### Provided entries
########

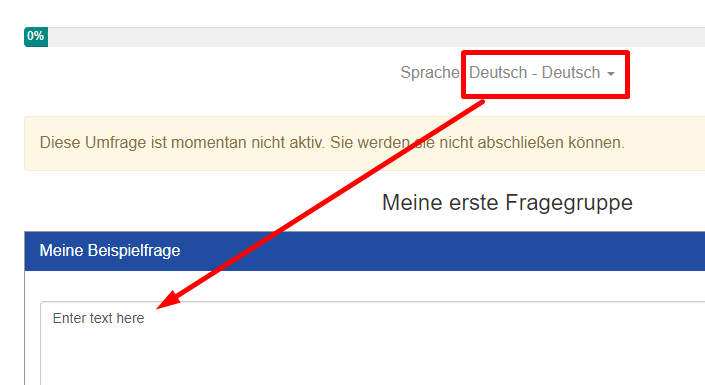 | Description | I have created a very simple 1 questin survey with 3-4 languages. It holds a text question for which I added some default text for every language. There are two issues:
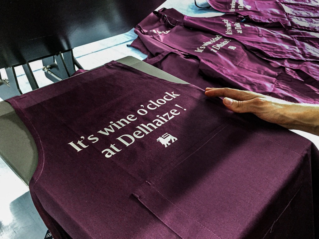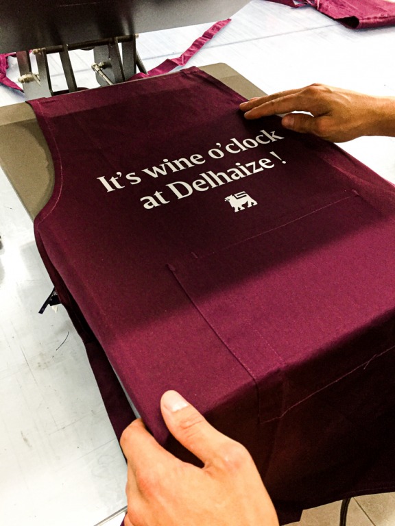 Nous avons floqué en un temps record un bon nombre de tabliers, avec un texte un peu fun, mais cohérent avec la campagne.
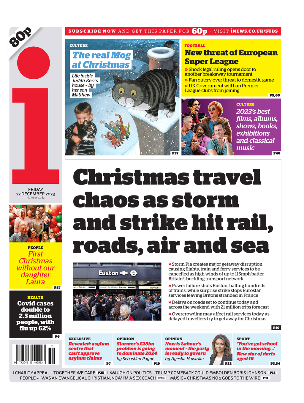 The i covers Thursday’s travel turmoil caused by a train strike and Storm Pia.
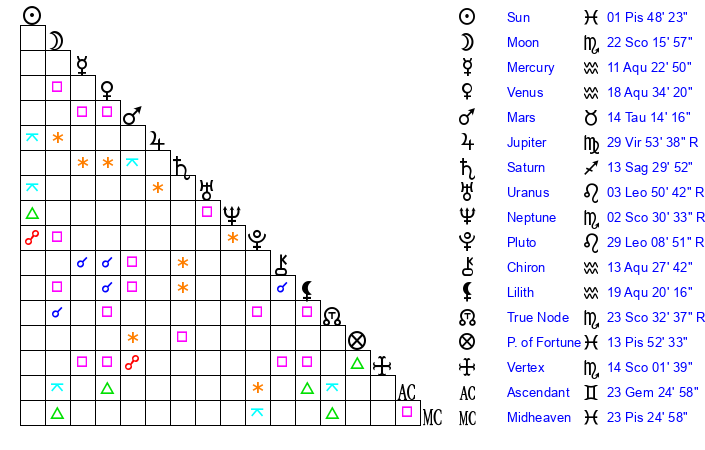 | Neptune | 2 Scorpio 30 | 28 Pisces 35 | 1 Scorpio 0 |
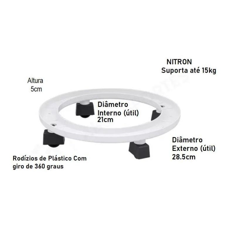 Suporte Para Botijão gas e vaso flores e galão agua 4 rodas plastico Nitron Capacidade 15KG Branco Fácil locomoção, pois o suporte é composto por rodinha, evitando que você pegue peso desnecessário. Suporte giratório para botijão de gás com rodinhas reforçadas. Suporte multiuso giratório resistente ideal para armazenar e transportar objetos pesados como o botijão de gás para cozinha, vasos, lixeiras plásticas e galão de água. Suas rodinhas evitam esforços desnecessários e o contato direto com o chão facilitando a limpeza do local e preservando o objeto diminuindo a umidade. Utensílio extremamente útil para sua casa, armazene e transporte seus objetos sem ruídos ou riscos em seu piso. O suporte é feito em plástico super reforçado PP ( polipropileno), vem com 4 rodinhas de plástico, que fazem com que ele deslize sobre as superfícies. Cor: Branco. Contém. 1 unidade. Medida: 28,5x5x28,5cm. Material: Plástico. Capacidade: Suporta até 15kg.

########

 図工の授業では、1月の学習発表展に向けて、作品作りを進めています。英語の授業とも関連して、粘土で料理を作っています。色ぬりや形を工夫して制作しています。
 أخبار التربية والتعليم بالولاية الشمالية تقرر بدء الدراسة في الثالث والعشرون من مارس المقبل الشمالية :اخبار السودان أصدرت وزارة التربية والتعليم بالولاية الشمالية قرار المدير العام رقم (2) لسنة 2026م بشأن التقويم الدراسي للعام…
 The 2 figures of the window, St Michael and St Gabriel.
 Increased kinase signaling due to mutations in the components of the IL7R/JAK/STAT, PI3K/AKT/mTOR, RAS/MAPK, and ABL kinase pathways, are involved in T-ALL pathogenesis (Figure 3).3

########

### Exercise aim
Using the records above, return verbatim only the part that opens with the line containing "Description | I" and closes with the line containing "Suporte Para Botijão"; pictures stay out.

### Answer to this exercise
 | Description | I have created a very simple 1 questin survey with 3-4 languages. It holds a text question for which I added some default text for every language. There are two issues:
 Nous avons floqué en un temps record un bon nombre de tabliers, avec un texte un peu fun, mais cohérent avec la campagne.
 The i covers Thursday’s travel turmoil caused by a train strike and Storm Pia.
 | Neptune | 2 Scorpio 30 | 28 Pisces 35 | 1 Scorpio 0 |
 Suporte Para Botijão gas e vaso flores e galão agua 4 rodas plastico Nitron Capacidade 15KG Branco Fácil locomoção, pois o suporte é composto por rodinha, evitando que você pegue peso desnecessário. Suporte giratório para botijão de gás com rodinhas reforçadas. Suporte multiuso giratório resistente ideal para armazenar e transportar objetos pesados como o botijão de gás para cozinha, vasos, lixeiras plásticas e galão de água. Suas rodinhas evitam esforços desnecessários e o contato direto com o chão facilitando a limpeza do local e preservando o objeto diminuindo a umidade. Utensílio extremamente útil para sua casa, armazene e transporte seus objetos sem ruídos ou riscos em seu piso. O suporte é feito em plástico super reforçado PP ( polipropileno), vem com 4 rodinhas de plástico, que fazem com que ele deslize sobre as superfícies. Cor: Branco. Contém. 1 unidade. Medida: 28,5x5x28,5cm. Material: Plástico. Capacidade: Suporta até 15kg.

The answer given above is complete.